The APG-65 was developed in the late 1970s and has been operational since 1983. The radar includes a velocity search (to provide maximum detection range capability against nose aspect targets), range-while-search (to detect all-aspect targets), track-while-scan (which, when combined with an autonomous missile such as AIM-120, gives the aircraft a fire-and-forget capability), single target track, gun director and raid assessment (which enables the operator to expand the region centred on a single tracked target, permitting radar separation of closely spaced targets) operating modes.
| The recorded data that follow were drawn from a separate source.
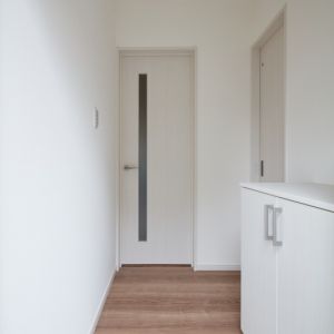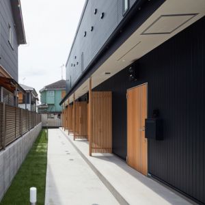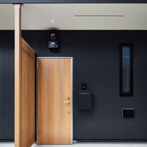 ブラックの外壁に隣の部屋とのパーテーションの格子と玄関ドアの木目調が和モダンの雰囲気をつくりだしています!
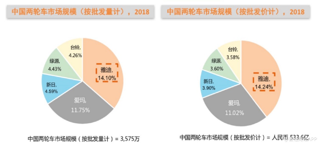 按批发量计算,2018年雅迪的市场份额较第二名和第三名分别高出2.35个百分点和9.51个百分点;按批发价计算,雅迪2018年的市场占有率达到14.24%,分别高出第二名和第三名3.22个百分点和10.34个百分点,市场龙头地位稳固。
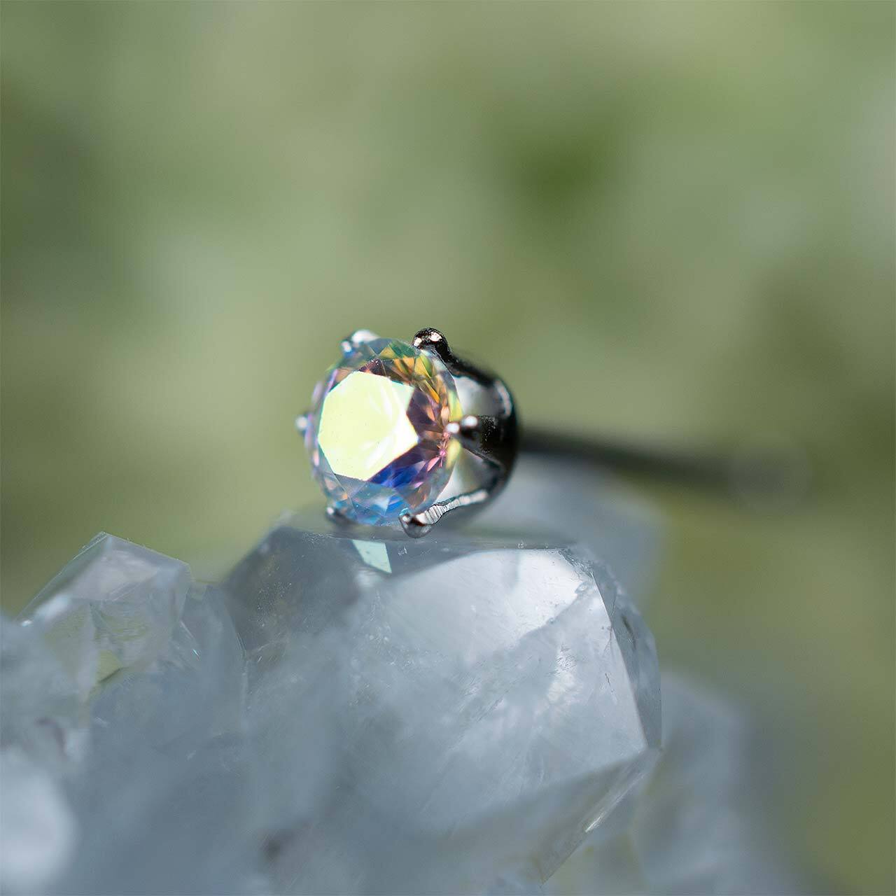 煌めきの強いキュービックジルコニアの表面に金属を蒸着させて虹色の輝きを作り出していて、角度によってパステル調の虹色に見えたり金属のような色に見えたりします。
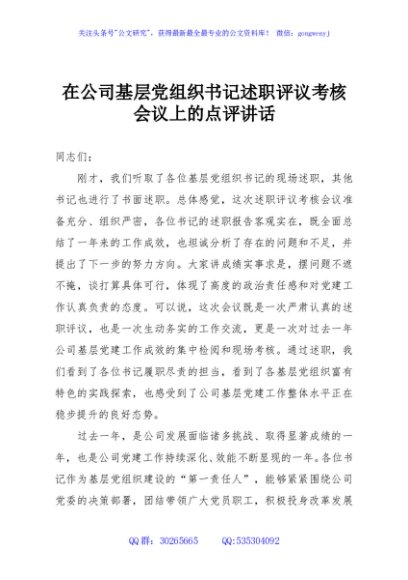 / 在公司基层党组织书记述职评议考核会议上的点评讲话
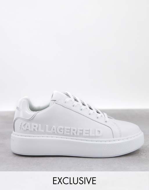 Karl Lagerfeld – Vita exklusiva sneakers med platåsula med upphöjd logga
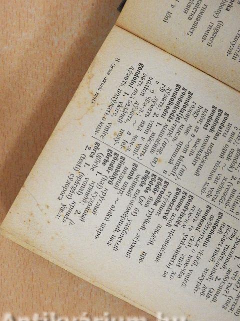 Ebben a részben az orosz szavak mellett már nem találsz részletes nyelvtani adatokat és példamondatokat sem mindenütt. Pedig ezek éppen a magyarról oroszra való fordításhoz kellenek leginkább. A szótárnak ez a része ugyanis az orosz-magyar részre épült. Azért is van vele egybekötve, hogy a két részt együtt lehessen használni. Ha tehát szükséged van egy itt megtalált orosz szó nyelvtani adataira vagy a vele kapcsolatos kifejezésekre, a szót vissza kell keresned az orosz-magyar részben, ahol - az esetek többségében - meg is fogod találni.
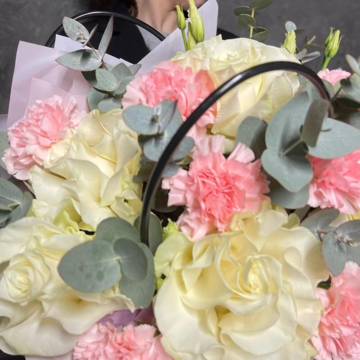 Лента – 2 шт.Эвкалипт – 7 шт.Диантус – 7 шт.Роза Мондиаль – 5 шт.Сумка – 1 шт.Оазис флористический – 1 шт.
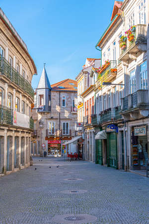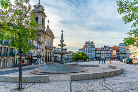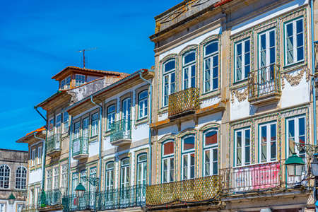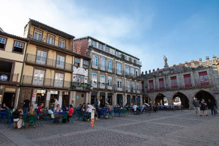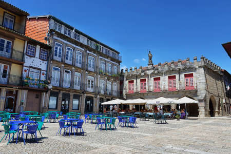 Guimaraes, Portugal - August 3, 2020: Colorful square in Guimaraes dowstown city, Portugal
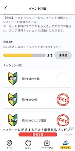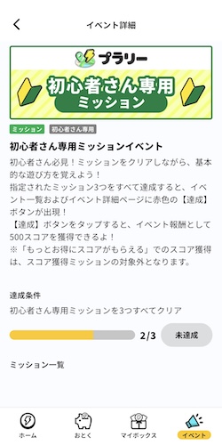 プラリーは初心者限定のミッションを達成すると500スコアを獲得できます。
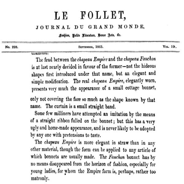 Driving into work the other morning, I was thinking about late 1860s hats when it occurred to me I hadn’t tried the late 1860s fanchon since acquiring the mid-1860s bonnet blocks. These bonnets, sometimes called “half bonnets” in museum collections, have been something of an enigma since I started working with straw. They are an odd, sorta two-sided, sorta three-sided shape that cups the back top of the head. In straw, they are often this base shape, or a variation of this base shape, with a plain plait or decorative plait wrapping around the edge. It is entirely possible, more likely probable, that many of these were cut down from straw bonnets of previous seasons as the styles shrunk.
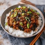 This Korean-Style Ground Turkey Bowl is a quick and flavorful weeknight meal featuring ground turkey sautéed with garlic, ginger, and a savory-sweet soy sauce glaze. Topped with green onions and sesame seeds, this dish is perfect served over a bed of warm cooked rice for a comforting and satisfying dinner.
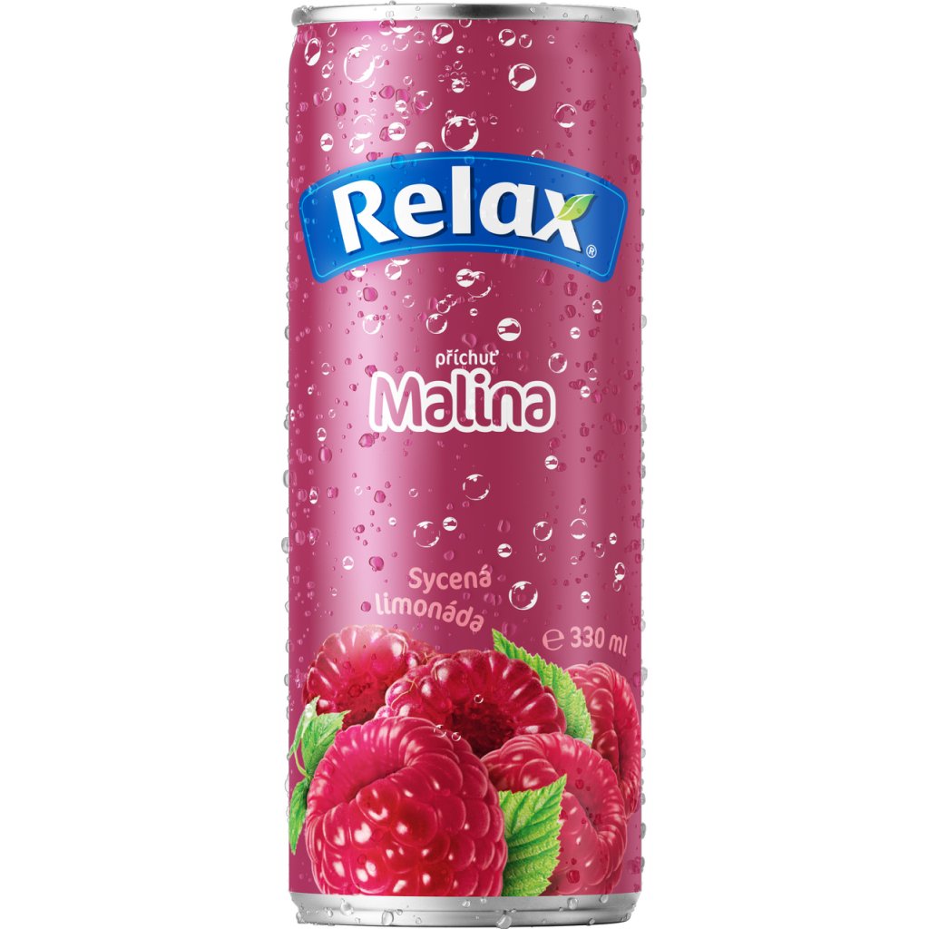 - Relax limonáda příchuť MALINA 0,33L plech
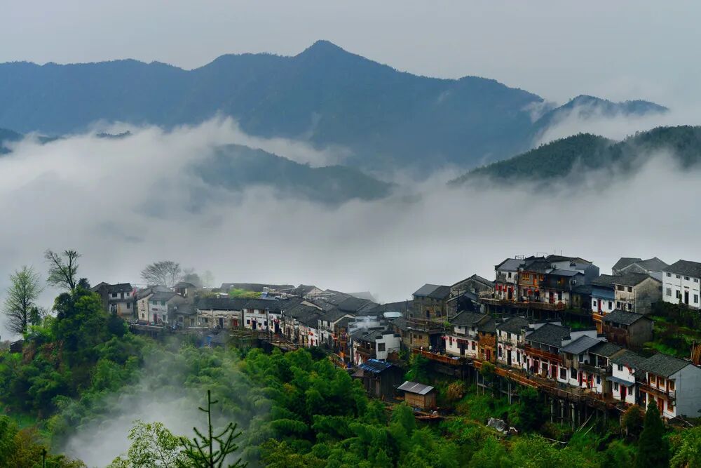生态绝佳,地处山脊,三面悬空,徽风浓郁,被誉为“黄山最美的高山村落”。
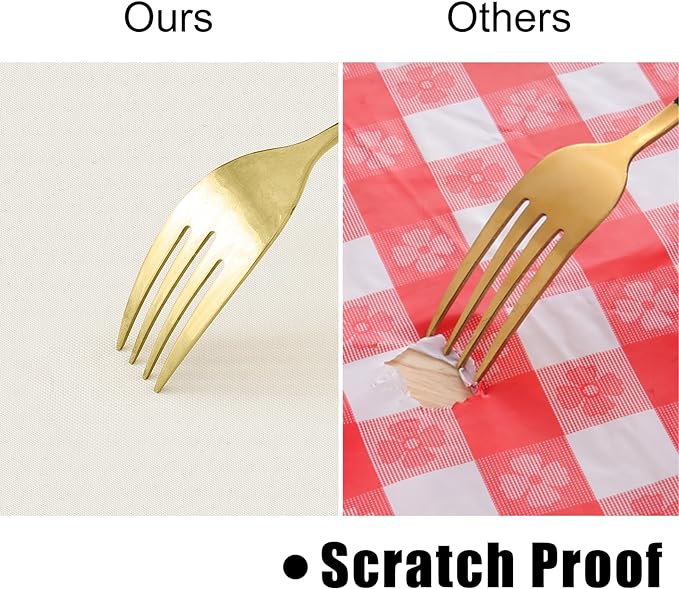 - [Sturdy & Functional] The surface of our tablecloth features premium vinyl material, which makes it more sturdy and protects your table from everyday wear and tear, and tableware scratches
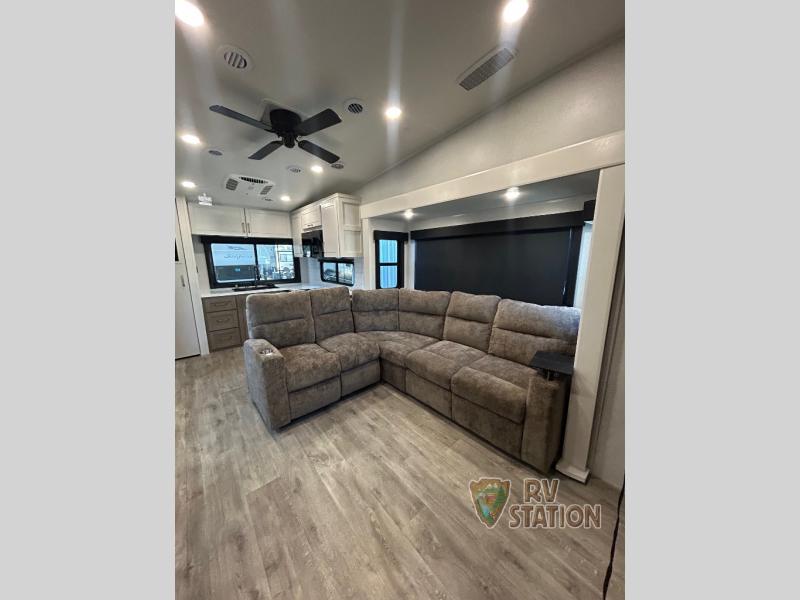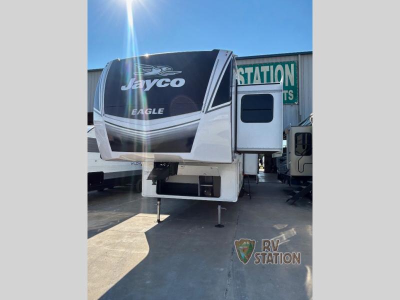 Introducing the 2026 Jayco Eagle 365UKTS Fifth Wheel, a pinnacle of luxury and comfort for the discerning traveler. This meticulously crafted RV, measuring an impressive 40 feet in length, is designed to elevate your camping experience with its spacious and thoughtfully designed interior. With three slide-outs, this model offers an expansive living area that ensures you and your companions can relax in style and comfort.

Although no longer in production, the APG-65 remains in service in F/A-18 Hornet strike fighters of the U.S. Navy and Marine Corps, and the air forces of Canada, Kuwait, and Spain. It has also been adapted to upgrade the German and Greek F-4 Phantom aircraft, and the AV-8B Harrier II Plus for the U.S. Marine Corps and the Spanish and Italian Navies.

AN/APG-73 
The APG-73 is a late 1980s "upgrade of the APG-65 that provides higher throughputs, greater memory capacity, improved reliability, and easier maintenance". To reduce production costs, many of the upgraded radar's modules are common with the APG-70 (F-15E Strike Eagle) radar; its software engineers chose the JOVIAL programming language so that they could borrow and adapt existing software written for the APG-70. When fitted with a motion-sensing subsystem and stretch waveform generator and special test equipment, the APG-73 can generate high resolution ground maps and make use of 'advanced' image correlation algorithms to enhance weapon designation accuracy.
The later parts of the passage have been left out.